BRUNO LUCCA
SÃO PAULO, SP (FOLHAPRESS) – Após mais de 30 anos, a favela do Moinho, no centro de São Paulo, terá acesso a saneamento básico.
Segundo a Sabesp, responsável pelas obras, os serviços de água e esgoto devem estar disponíveis para os moradores até o fim deste ano, e as famílias serão beneficiadas com a tarifa social, destinada à população de baixa renda.
"É a nossa dignidade chegando. Todos estão muito ansiosos", diz Ivonete Pinheiro, 48, moradora há 20 anos.
Localizada sob o viaduto Engenheiro Orlando Murgel, no bairro Campos Elíseos, e espremida entre duas linhas da CPTM, a favela abriga cerca de 1.600 famílias, que ocupam barracos espalhados por vielas de terra batida.
O nome do local vem do antigo Moinho Central, espaço de processamento de farinha e fabricação de rações animais que, já desativado, serviu como marco zero para a ocupação iniciada nos primeiros anos da década de 1990. Desde então, disputas judiciais pelo terreno, incêndios e ações governamentais interferiram na vida de seus moradores.
Atualmente, a espera não é por uma próxima ameaça, mas sim pela finalização das obras da Sabesp.
Radicada no Moinho desde 2002, Ivonete –hoje desempregada, ela se descreve como "voluntária e guia da comunidade"– acompanha tudo de perto.
A situação já foi de muita desesperança, diz, mas hoje o otimismo prevalece. "Até 2011, a gente buscava água em uma torneira na entrada da favela com um galão de 20 litros. Era muito sofrido. Acompanhar essas obras hoje é lindo, fico feliz de estar viva para ver o progresso da comunidade."
Em 2011, a Sabesp disponibilizou mangueiras que até hoje são responsáveis por bombear água para o Moinho. Coube aos moradores montar a estrutura de distribuição para suas residências.
Ivonete relata que não é o bastante. "A comunidade acolhe a todos. Muitas famílias chegam, e a água fica fraca. Durante a noite, esquece, não vai ter."
O esgoto também é irregular. A estrutura foi planejada e executada pelos residentes. Caixas acopladas ligam os barracos a um cano que desemboca em um córrego próximo aos trilhos da CPTM.
A regularização sanitária também permitirá aos moradores ter seus endereços próprios. Isso porque o cadastramento da Sabesp, para futuras cobranças, exige dados individuais de localização –rua, número, bairro e CEP–, que serão estabelecidos.

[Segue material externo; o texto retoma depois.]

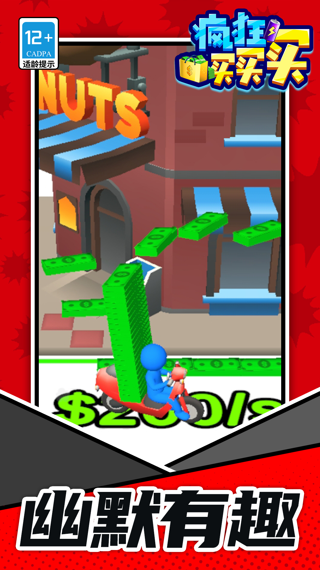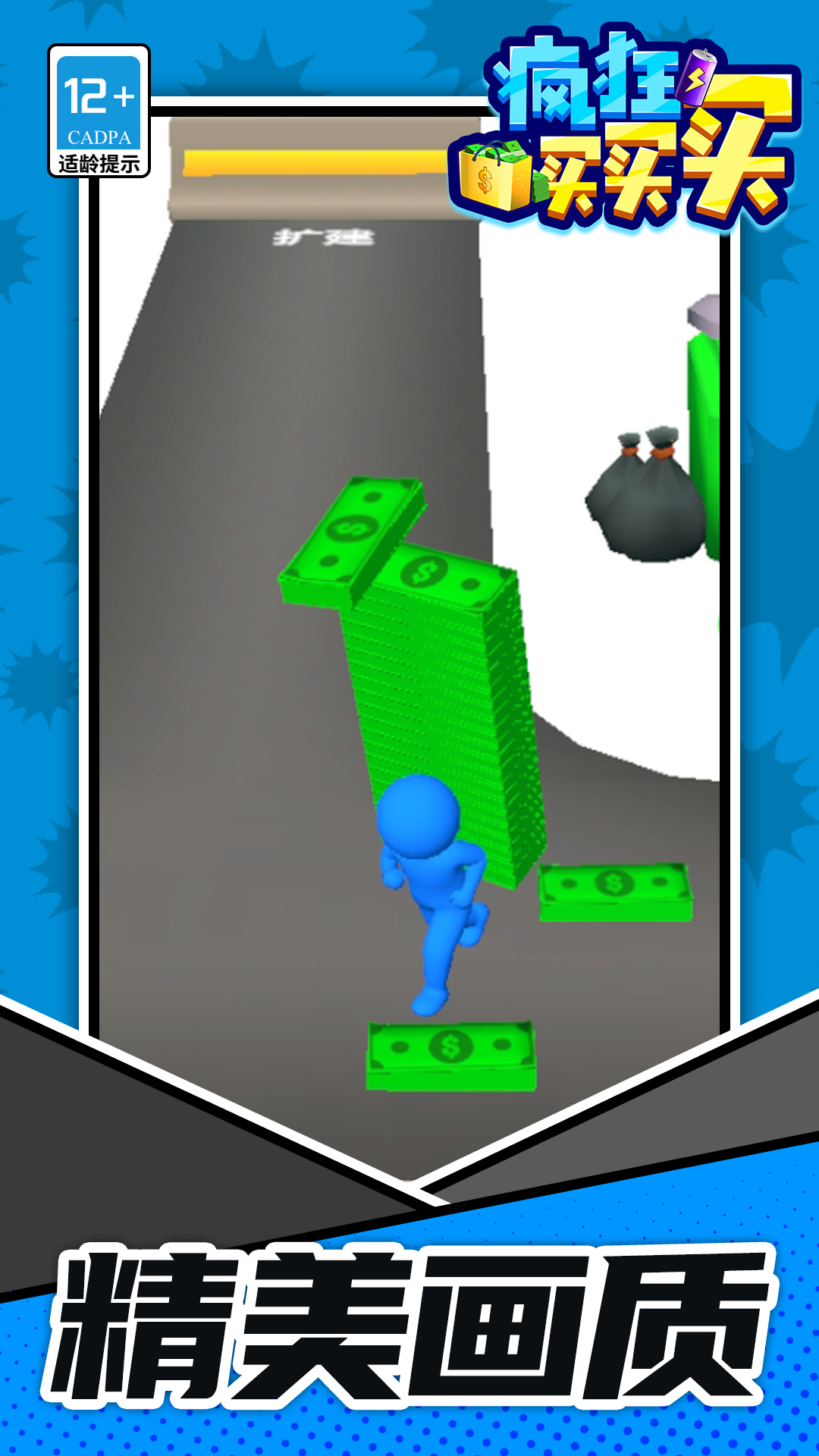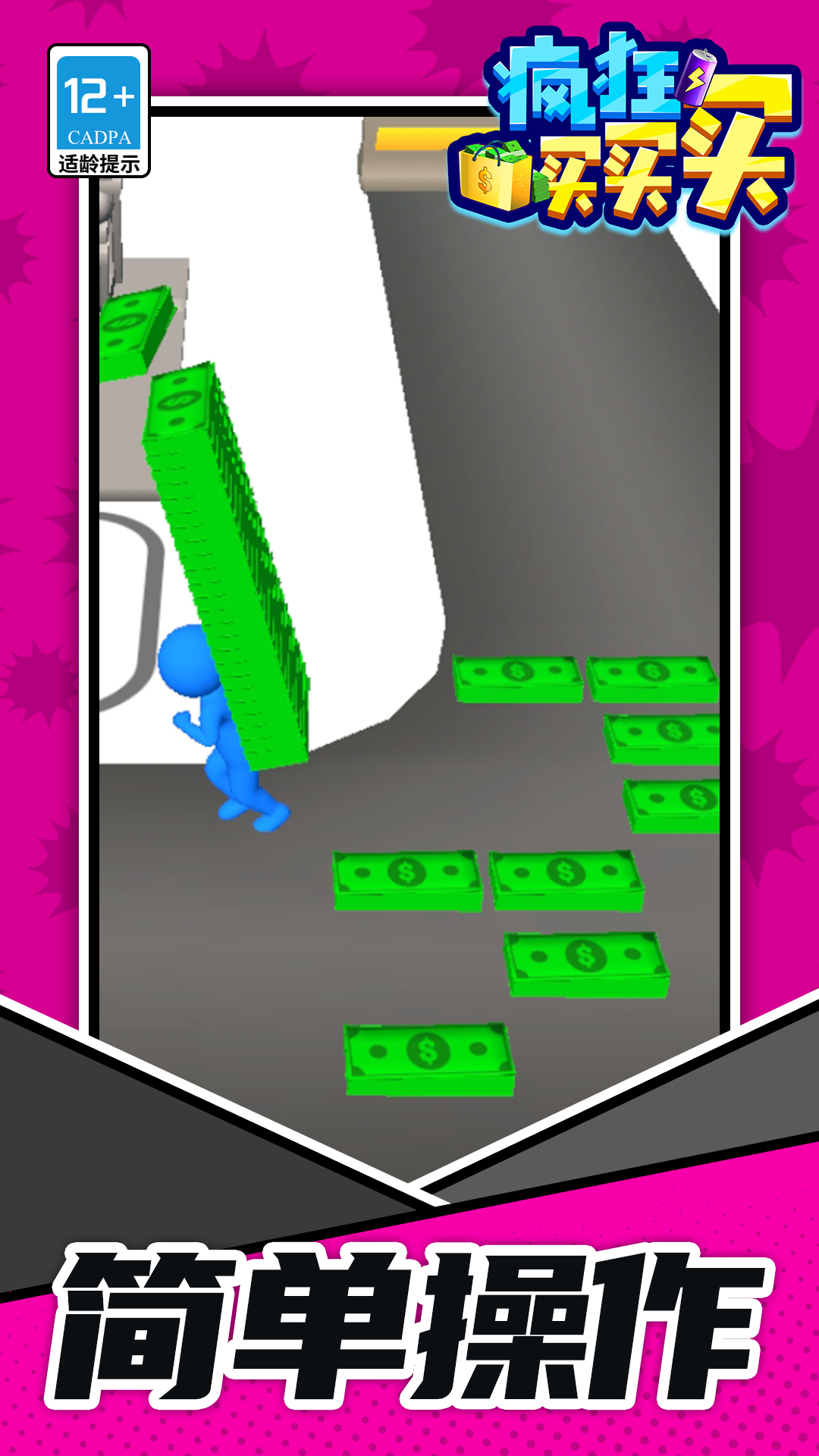 《疯狂买买买》是一款模拟经营休闲小游戏。玩家开局需要收集在街道的钞票,提升经济实力来购买地块解锁各种商业设施和开启新区域,被解锁的商业设施会产生丰厚的收益租金;玩家还可以升级个人属性以及商业区域,提升城市的繁华程度。一起来买地块,创造属于你的商业帝国吧!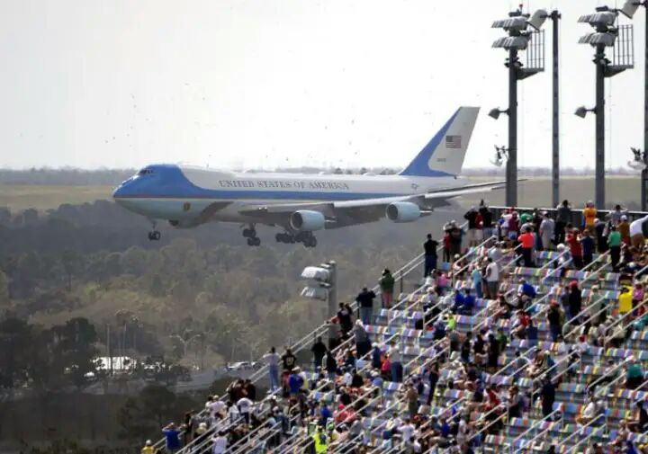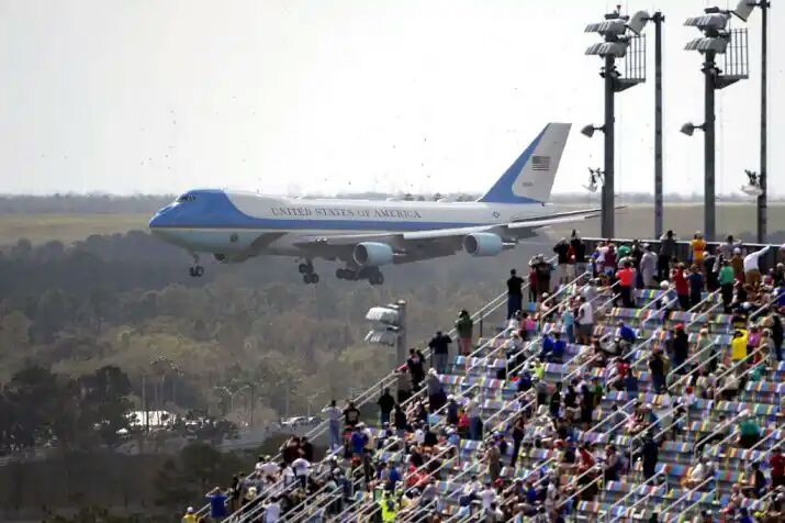 Fans watch from the grandstands as Air Force One, carrying President Donald Trump, prepares to land at Daytona International Airport before the NASCAR Daytona 500 auto race at Daytona International Speedway, Sunday, Feb. 16, 2020, in Daytona Beach, Fla. President Trump is scheduled to visit India on February 24-25. (AP Photo/Phelan M. Ebenhack)

Atualmente, correspondências e pacotes são destinados a uma serraria na entrada da favela e posteriormente distribuídos aos moradores.

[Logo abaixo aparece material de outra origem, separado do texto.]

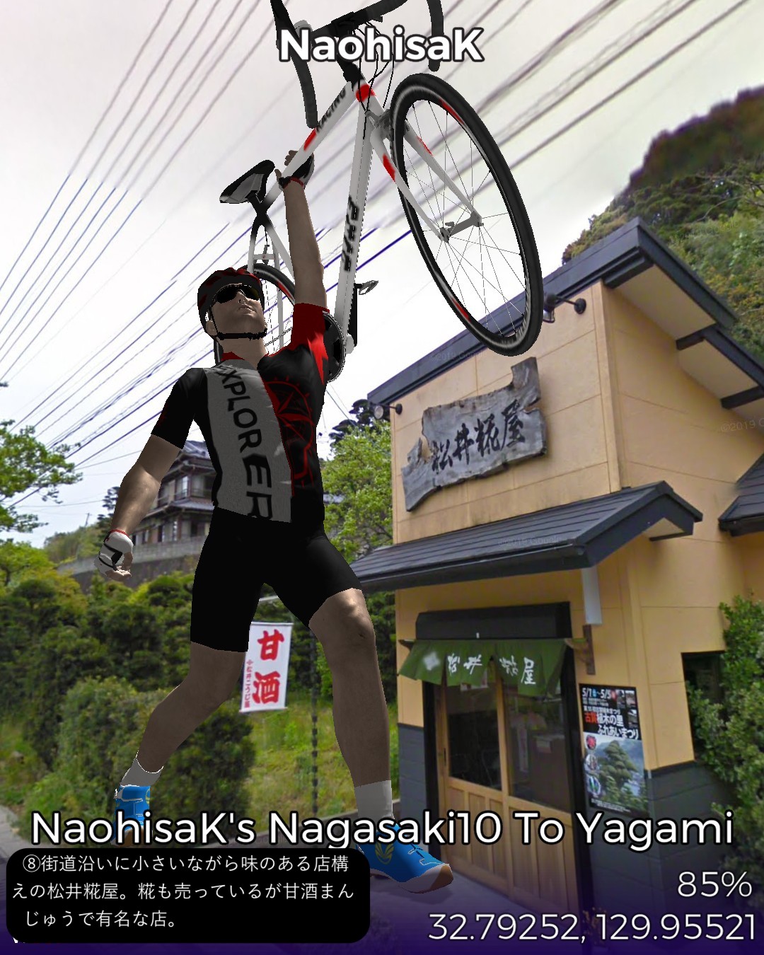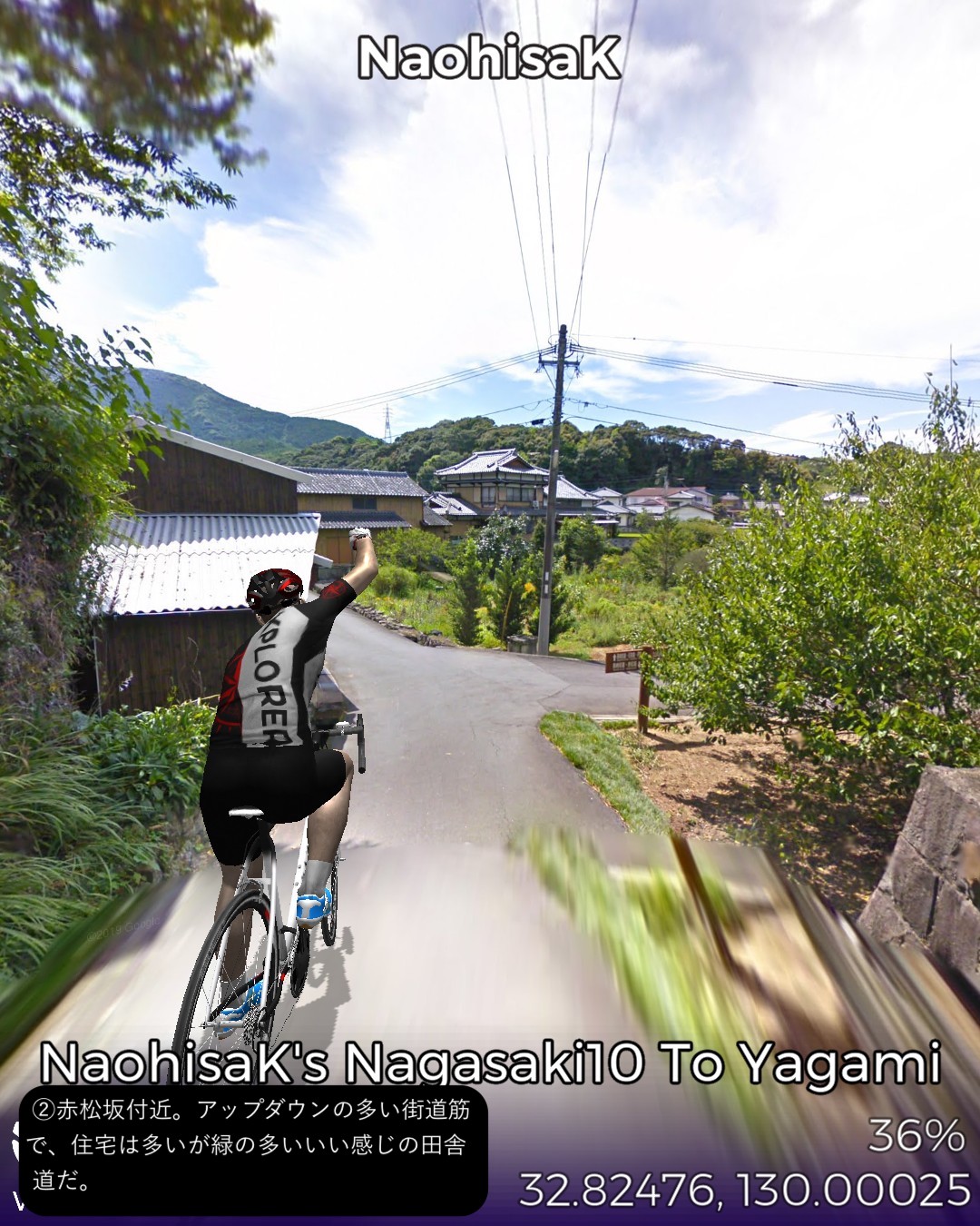 VRサイクリングの1日分のルート設定をするにあたり、できる限り旧街道ルートとしてかつストリートビューがあるルート設定で、最大30km程度街道の宿場単位のコマ分進むポリシーとしているが、Googleのマイマップ でのルート設定の限界というのがあり、起点と終点を指定してAI的に勝手に設定されるルートから意図するルートがかけ離れて複雑なルートの場合には記憶容量をオーバーするらしく長い距離のルート設定の自由度が制限されてしまう。今回も長崎まで31kmをルート設定すると意図する街道の道筋にならないので諦めて1宿分とした次第。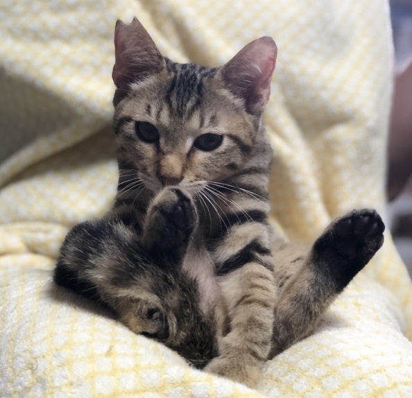 | 特徴(性格など) | 【仮名】五郎くん 【性格】コレマタふつ~のキジトラくん♪ でもアスリート系細マッチョなんです! 長い尻尾を自慢げにフルフルしてる五郎くん♪ 末っ子気質満点でちょっとビビリですが 最近ではゴロゴロもマスターしました♪ 保護猫5匹での大運動会はスゴイィぃぃですガーン 興奮して、おもちゃを加えてヴーーー”ってしても おもちゃの取り合いにならないところに兄弟愛を感じます(笑) また先住猫から家猫教育の英才教育を受け だんだん悪さをしなくなりました(笑) 爪切りOK!お風呂OK!イイコです♪ わんこと一緒に暮らしているので 先住ワンコOKなのもポイント高し♪ 出来れば一緒に保護している兄弟との 一緒のお迎えを希望します♪ ※先住猫有りや猫経験豊富な方はご相談下さい |

"Ter meu próprio endereço é tudo que eu mais quero. Sempre tenho problemas com comprovantes. Não consigo abrir uma conta no banco porque parece que não tenho casa", diz Ivonete.

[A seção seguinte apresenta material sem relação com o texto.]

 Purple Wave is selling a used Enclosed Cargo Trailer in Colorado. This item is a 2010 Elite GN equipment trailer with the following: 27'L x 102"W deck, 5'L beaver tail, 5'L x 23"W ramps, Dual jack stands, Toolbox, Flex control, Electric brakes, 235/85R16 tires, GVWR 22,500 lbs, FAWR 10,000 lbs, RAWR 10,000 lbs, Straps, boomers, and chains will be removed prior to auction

"Eu sinto, diariamente, como é ruim não ter uma conta de água em meu nome."
Segundo a Sabesp, a regularização da favela esbarrou em pendências judiciais ligadas à propriedade da área, que resultaram, em 2016, em uma posição do Ministério Público do Estado de São Paulo de proibir intervenções no local.
A companhia acrescenta que a posição foi alterada em 2020, quando o mesmo Ministério Público solicitou um plano de urbanização para o Moinho com regularização de água e esgoto.
Enquanto aguarda a conclusão das obras, Ivonete espera que mais favelas de São Paulo tenham acesso aos serviços de saneamento.
Segundo o Painel do Saneamento Brasil, do ITB (Instituto Trata Brasil), quase 35 milhões de brasileiros ainda não têm acesso a água tratada e 100 milhões não possuem coleta de esgoto.
"Quero que todas as comunidades tenham a oportunidade de contar com saneamento básico, com água tratada. Tudo que acontece de melhoria em uma comunidade não é só dela, é de todas. Eu fico muito feliz. Água é vida", afirma Ivonete.